The bottom line is that UBI will put people’s livelihoods firmly in the hands of the government, when the balance of power should be the other way around. And job-stealing robots may play a big part in pushing citizens toward such a fate. Somehow, it seems somehow fitting that the US military had a hand in developing the contributing technology.
Possible Solutions
Employing various computer programs to create ethical, eco-friendly bespoke garments, Rapanui sells its clothes at boutique prices while employing a healthy balance of automated and human resources. Automation does the most “dull, dirty and dangerous” work, while actual human people still do the creative, quality-control and managing jobs. According to company co-founder Mart Drake-Knight, “If you take the humans out of the company, you take the humanity out of the company.”

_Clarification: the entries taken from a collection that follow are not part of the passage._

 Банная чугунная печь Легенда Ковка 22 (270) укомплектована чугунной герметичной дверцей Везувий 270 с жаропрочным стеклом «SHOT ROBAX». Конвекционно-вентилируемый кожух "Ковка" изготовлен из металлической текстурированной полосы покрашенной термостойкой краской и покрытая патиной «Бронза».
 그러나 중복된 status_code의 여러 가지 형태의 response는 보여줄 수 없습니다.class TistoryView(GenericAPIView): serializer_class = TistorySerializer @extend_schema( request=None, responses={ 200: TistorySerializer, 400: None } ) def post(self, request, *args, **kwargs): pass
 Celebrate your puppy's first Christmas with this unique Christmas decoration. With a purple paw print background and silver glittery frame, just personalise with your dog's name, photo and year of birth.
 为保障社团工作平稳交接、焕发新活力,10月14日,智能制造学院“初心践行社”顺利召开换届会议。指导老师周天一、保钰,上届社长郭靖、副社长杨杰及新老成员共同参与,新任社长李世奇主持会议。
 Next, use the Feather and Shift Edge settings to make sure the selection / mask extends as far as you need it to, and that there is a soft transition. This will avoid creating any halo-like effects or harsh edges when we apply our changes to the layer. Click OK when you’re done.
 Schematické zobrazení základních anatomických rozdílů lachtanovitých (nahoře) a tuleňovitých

Perhaps this model is the solution: using fashion robots for the most difficult and dangerous jobs, such as dyeing clothing – but maintaining a human workforce for all other manufacturing tasks. It’s a sustainable model that still supports the majority of workers, but also allows the company to make some savings by improved productivity.
Government must also play a role: although it seems in the USA they are currently pushing for AI and a UBI, but it’s vital that legislation be created to regulate the automation of production to avoid a massive deluge of unemployment and all of its related issues.
Consumers also have a role to play: we should earnestly commit to buying clothing from companies that employ actual humans to make them, even if it means paying a little bit more.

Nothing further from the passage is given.